Each service can further be restricted by the capabilities the service provides and these are also represented as another caveat. These caveats have a key ending in _capabilities that is prefixed with the service name, while the value consists of a comma-separated list of the allowed service capabilities. This type of caveat allows certain macaroons to only have access to a subset of a service's features.
If a capabilities caveat for a particular service is not present, then the macaroon is able to access any capability of the service. If multiple capabilities caveats exist for the same service, then verification should ensure each occurrence of the caveat restricts more access than the previous.
Each service can define its own set of constraint caveats for a given tier to further restrict the capabilities of a macaroon. Each constraint takes the form of a caveat, where the key is prefixed with the service capability it applies to, and the remainder of the key includes context for the service on how to evaluate the constraint. The caveat value specifies the parameters for the constraint evaluation.
If multiple caveats of the same constraint are found within a macaroon, then verification should ensure each occurrence of the constraint restricts more access than the previous.
As an example, a base tier Lightning Loop macaroon with access to a 2 BTC monthly volume for Loop Out and unlimited volume for Loop In would look like:
identifier:
version = 0
user_id = fed74b3ef24820f440601eff5bfb42bef4d615c4948cec8aca3cb15bd23f1013
payment_hash = 163102a9c88fa4ec9ac9937b6f070bc3e27249a81ad7a05f398ac5d7d16f7bea
caveats:
services = lightning_loop:0
lightning_loop_capabilities = loop_out,loop_in
loop_out_monthly_volume_sats = 200000000
Due to the flexibility of the design, a macaroon holder is able to further attenuate a macaroon if they wish to share it with a third party under more restrictive permissions. Following the example above, the macaroon holder can restrict the macaroon’s capabilities to only allow access to Loop In (and not Loop Out) with a monthly volume of 1 BTC by adding the following caveats:
lightning_loop_capabilities = loop_in
loop_in_monthly_volume_sats = 100000000
Verifying a macaroon consists of a three step process and involves two parties: the minter of the macaroon and the authorizer, which is the service the macaroon targets. The minter of the macaroon performs signature checks to ensure the macaroon is valid, while the authorizer ensures the macaroon has the required permissions to access the service.

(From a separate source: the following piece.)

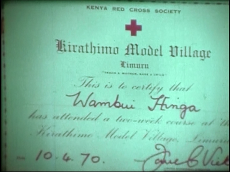 At approximately the 11:32 minute measure a Kenyan woman named Wambui Hinga is issued and presented with a certificate from the Kenya Red Cross Society. The certificate is dated 10.4.70 which could mean October 4, 1970 or April 10, 1970 depending on which date format was being used. Her name, Wambui Hinga, is written in cursive.

The first step ensures a macaroon was minted by the minter and it has not been tampered with. This is done by computing the HMAC chain of the macaroon, starting from its root key and identifier, and including any further attenuation through its caveats to arrive at the terminal signature of the macaroon. If these do not match, the macaroon is invalid. If there isn’t a valid root key corresponding to the macaroon, it is also considered invalid.
The second step ensures a macaroon has provided a valid proof of payment (preimage) and is performed by the minter as well. Since macaroons commit to the payment hash of an invoice, this is a trivial step.
The final step ensures a macaroon is authorized to access a service. This is done by ensuring the service-specific caveat predicates of a macaroon hold true for the service being accessed. If only one of these caveats doesn’t hold true, then the macaroon is invalid. In the case of an unknown caveat, its evaluation must be skipped by the authorizer as the macaroon holder can further attenuate the macaroon for other applications.
To prevent abusers of a macaroon-based authenticated service, a macaroon should be able to be revoked. This can be achieved by having the minter remove the macaroon’s corresponding root key. By doing so, the minter will never be able to verify the signature of a revoked macaroon, ensuring it will never reach its targeted service.
Revocation also serves useful when performing a service tier upgrade on a macaroon. The prior macaroon is revoked to ensure only the upgraded one can be used going forward.